PARQUET-1508: [C++] Read ByteArray data directly into arrow::BinaryBuilder and BinaryDictionaryBuilder. Refactor encoders/decoders to use cleaner virtual interfaces #3492

wesm · 2019-01-26T16:46:30Z

This patch ended up being a bit of a bloodbath, but it sorted out a number of technical debt problems.

Summary:

Add type-specific virtual encoder interfaces such as ByteArrayEncoder and ByteArrayDecoder -- this enables adding new encoder or decoder methods without conflicting with the other types. This was very hard to do before because all types shared a common template such as
PlainDecoder<ByteArrayType>
Encoder and decoder implementations are now all in an encoding.cc compilation unit, performance should be unchanged (I will check to make sure)
Add BYTE_ARRAY decoder methods that write into ChunkedBinaryBuilder or BinaryDictionaryBuilder. This unblocks the long-desired direct-to-categorical Parquet reads
Altered RecordReader to decode BYTE_ARRAY values directly into ChunkedBinaryBuilder. More work will be required to expose DictionaryArray reads in a sane way

Along the way I've decided I want to eradicate all instances of extern template class from the codebase. It's insanely brittle with different visibility rules in MSVC, gcc, AND clang (no kidding, gcc and clang do different things). I'll refactor the others parts of the codebase that use them later

wesm · 2019-01-26T16:47:41Z

cc @xhochy @majetideepak for your review. This work does not impact any public APIs (the encoders/decoders are non-public)

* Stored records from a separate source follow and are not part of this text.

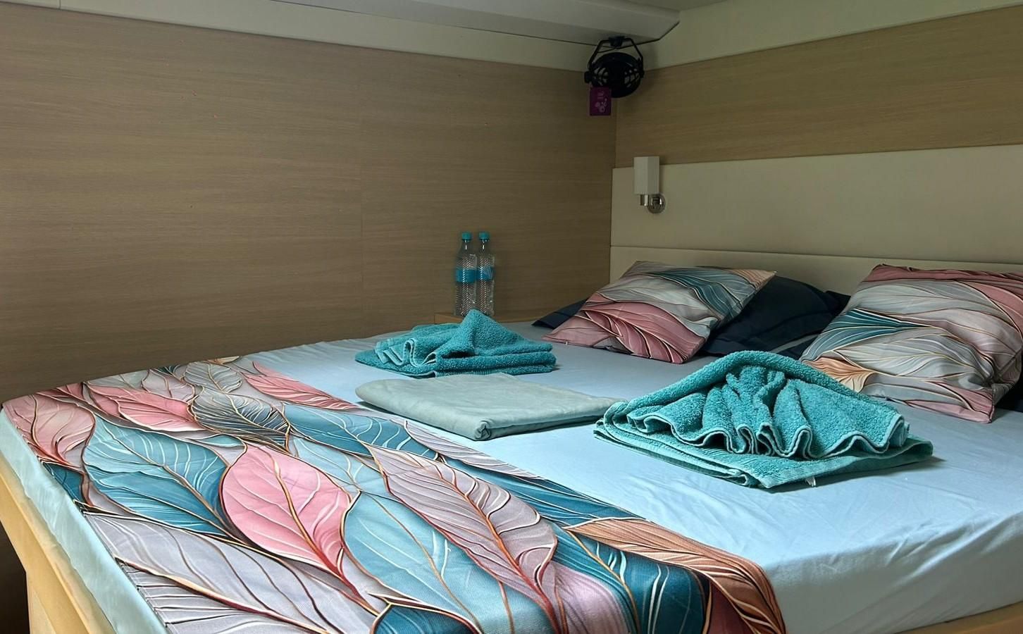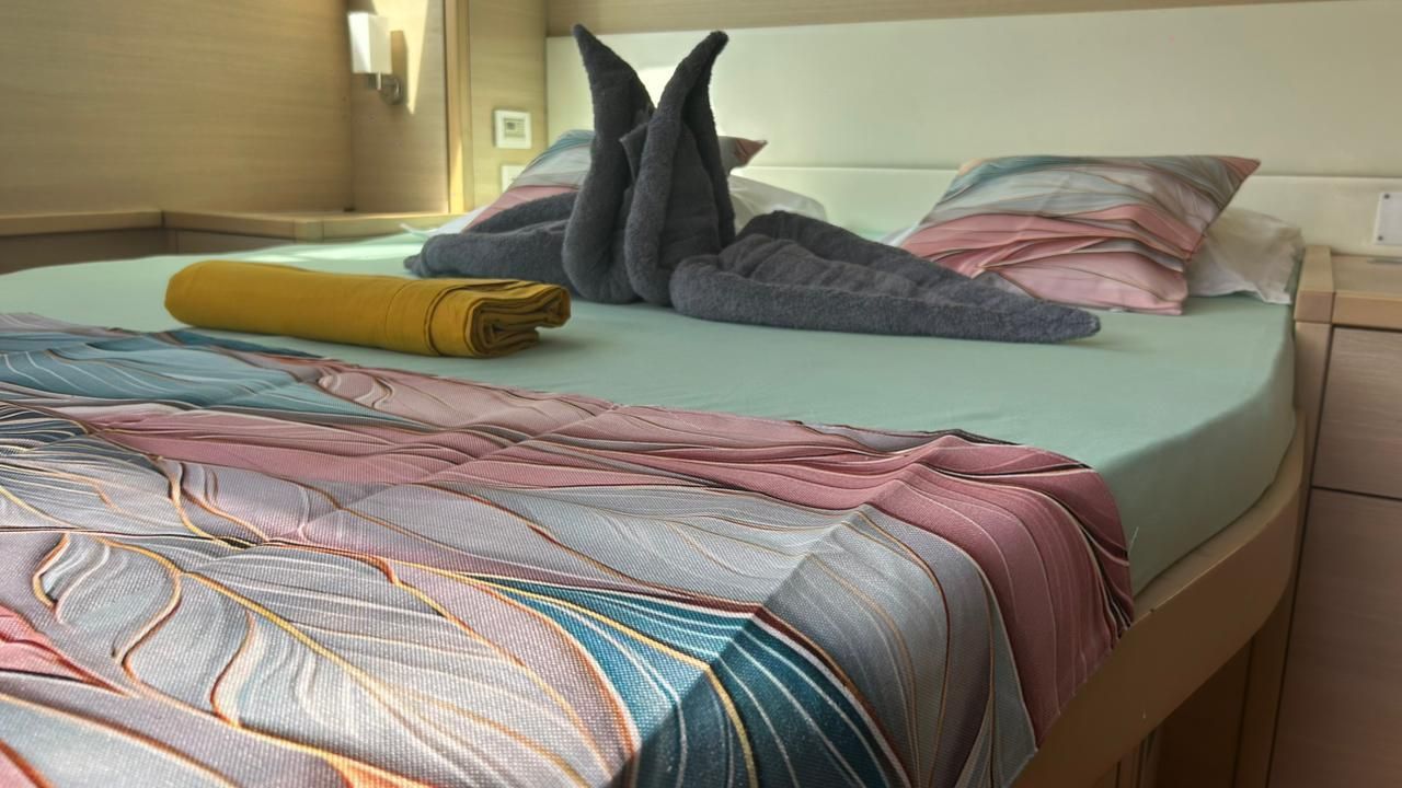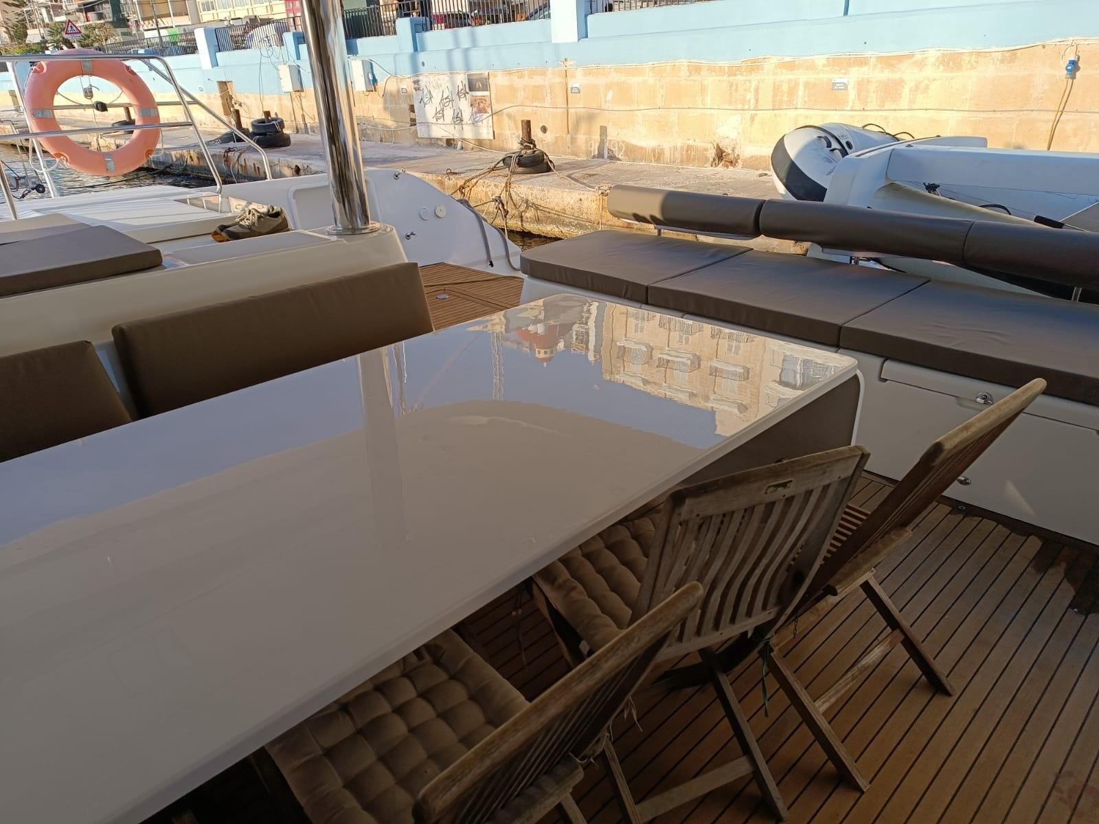 Furling genoaBattened mainsailLazy bagDinghyWater pressureGeneratorBoard-battery chargerHot waterWater makerA/CCD/radioElectric fridgeElectric Windlass (anchor)Cockpit cushionsswimming ladderRigid biminitopFlybridgeGPS PlotterLog, Depth, SpeedWind indicatorsVHF
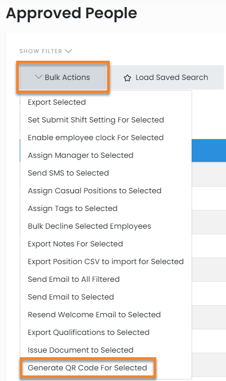 - After you have filtered/selected the relevant employees, select Bulk Actions > Generate QR Code for Selected.
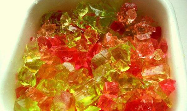 1. Приготовьте желе из 3 любых пакетиков на свой вкус. Инструкция на упаковке вам поможет: просто растворите порошок в 250 мл воды и оставьте до застывания. Готовое желе нарезаем кубиками.
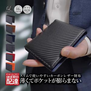Legare レガーレ 財布 二つ折り メンズ 薄い コンパクト カーボンレザー スリム 2つ折り 本革 6色 小銭入れ
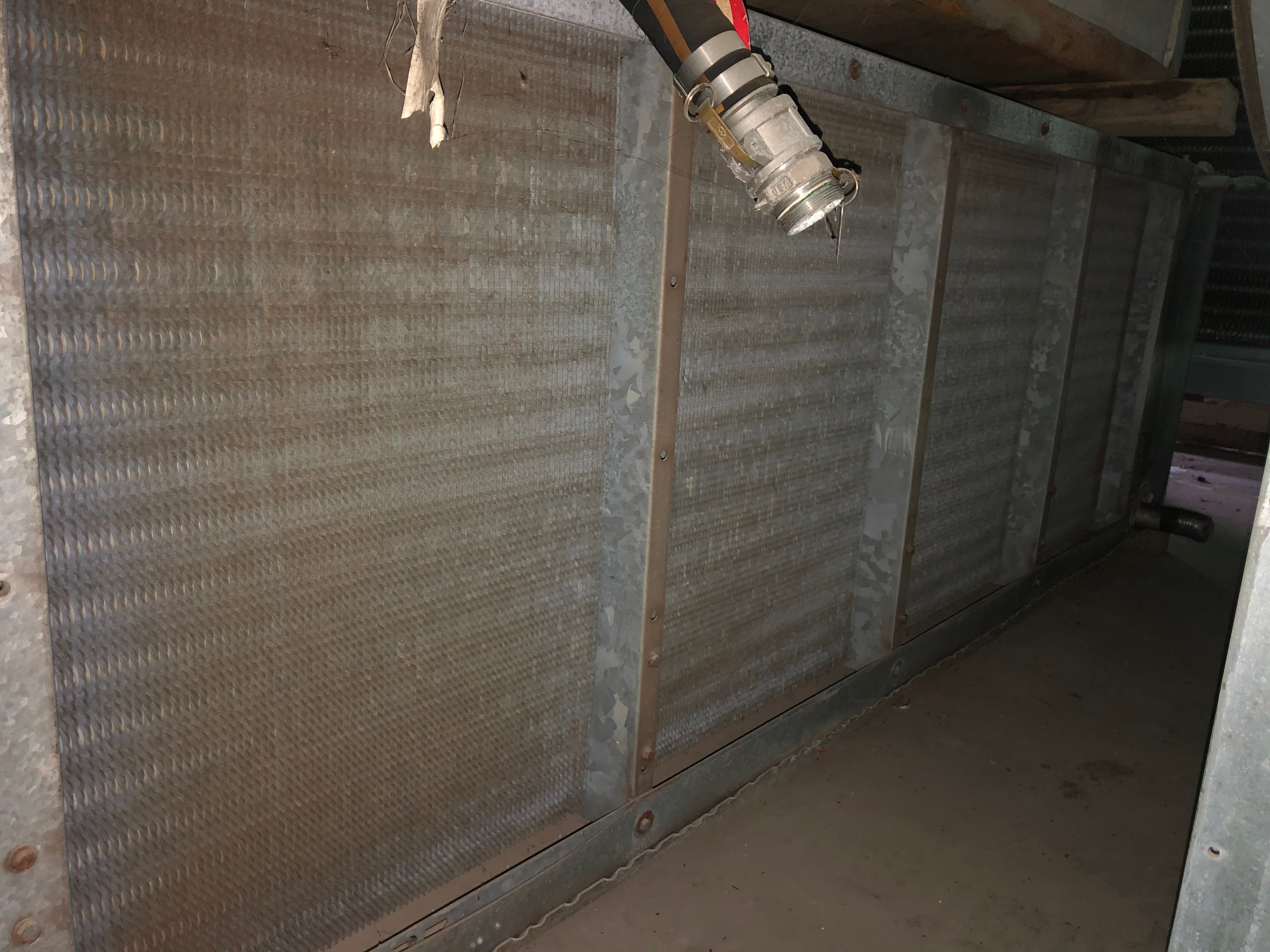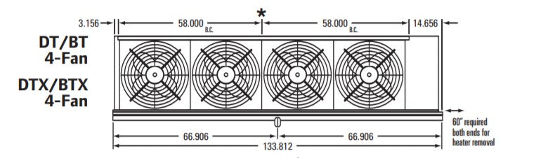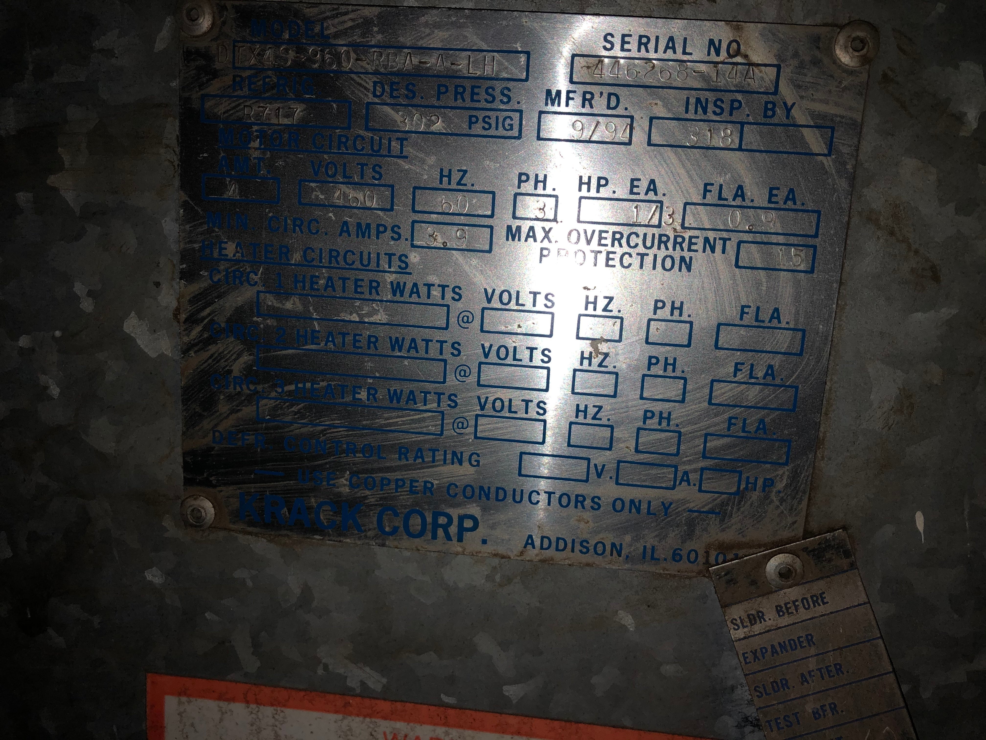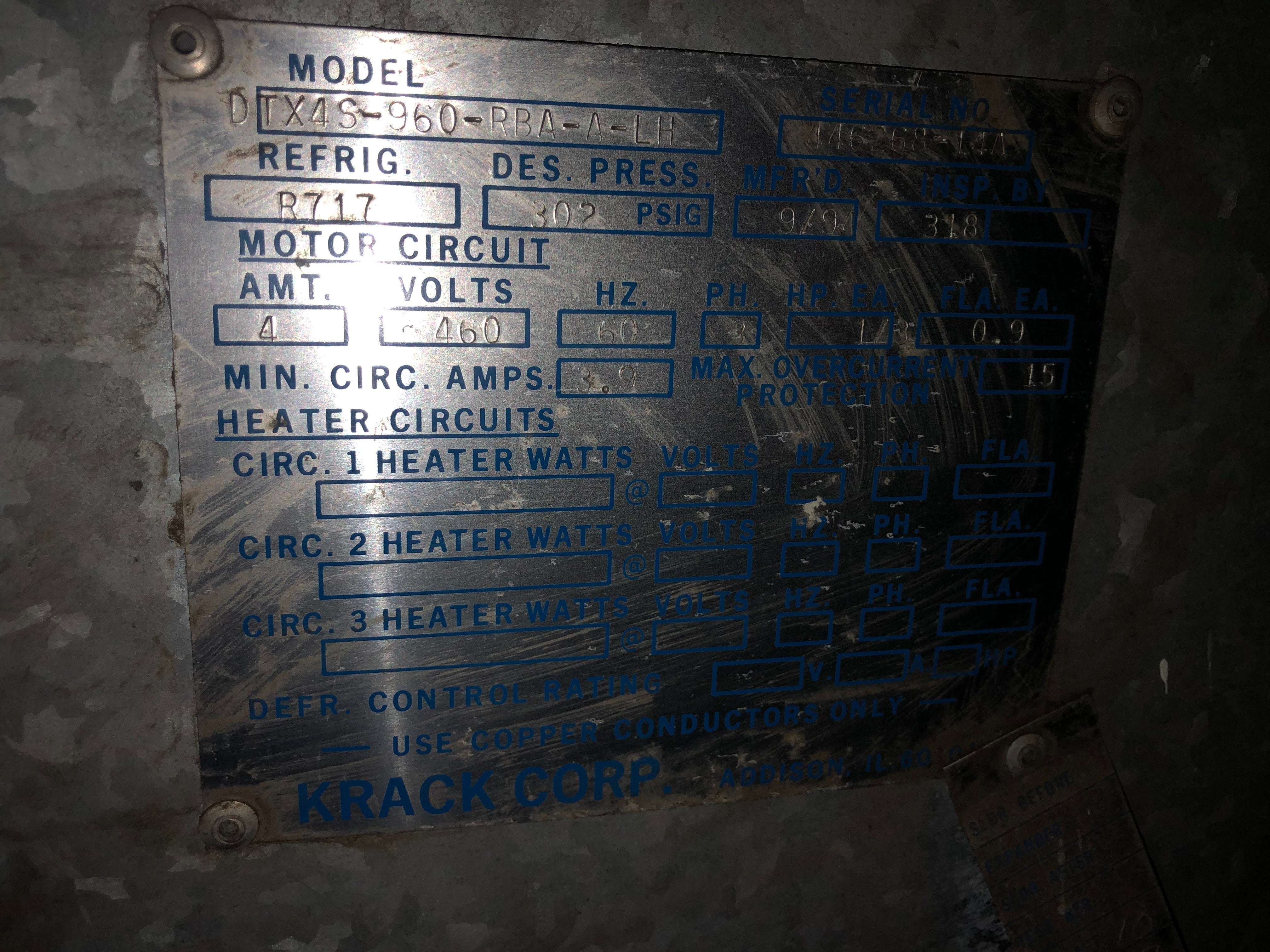 Evaporador de amoníaco de alimentación superior recirculado Krack de 4 ventiladores. Tubo/aleta de acero. 3 aletas/pulgada. Krack Modelo DTX-4S-960-RBA-A-LH, Mano izquierda. Draw-Thru de 4 ventiladores a baja temperatura. Evaporador de alimentación inferior recirculado. Flujo de aire 18,400, Capacidad @ 10ºF, TD:5.98TR, ID:AU12. Motores de ventilador: 1/3 HP 620 RPM 460 voltios 60 Hz.3 Ph. Dimensiones totales: 132" L x 35" W x 41" H.
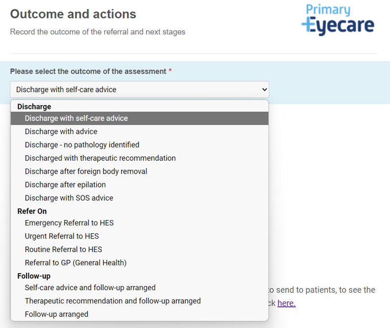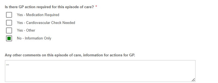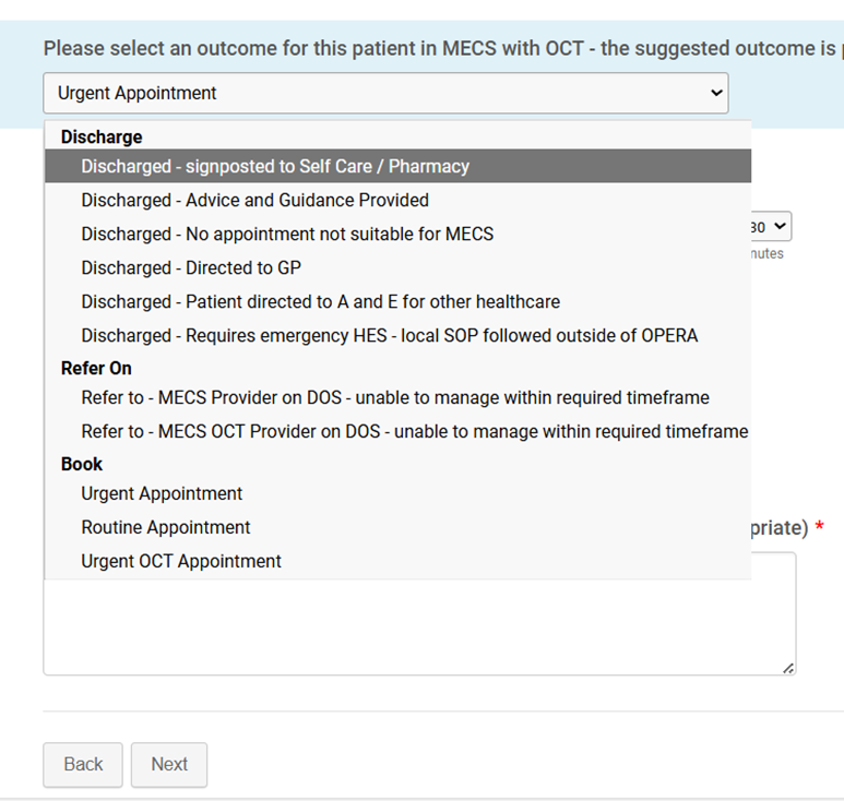 Select the most appropriate outcome from the drop-down list. In all cases, GPs will receive a notification of the outcome of the MECS episode.
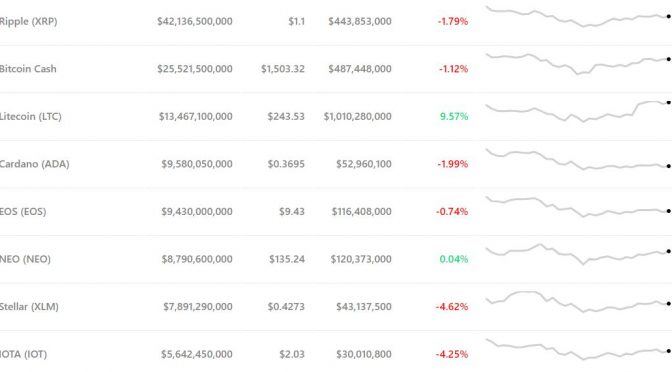 The NEO price held steady at $0.42 for the day, while Stellar and IOTA posted respective declines of five percent and four percent to round out the top 10.
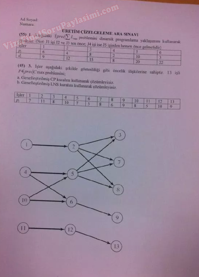 Sıralama Ve Çizelgeleme Vize Soruları Ve Çözümleri 7-07-2015, 14:56

wesm · 2019-01-26T16:49:59Z

This yields maybe 5-10% speedup in binary reads. I'm going to see if I can add some ASV benchmarks for this

setup

import pandas as pd
import numpy as np

import pyarrow as pa
import pyarrow.parquet as pq

import pandas.util.testing as tm

string_length = 10
uniqueness = 100000
total_approx_bytes = 100000000

unique_values = [tm.rands(string_length) for i in range(uniqueness)]
values = unique_values * (total_approx_bytes // uniqueness // string_length)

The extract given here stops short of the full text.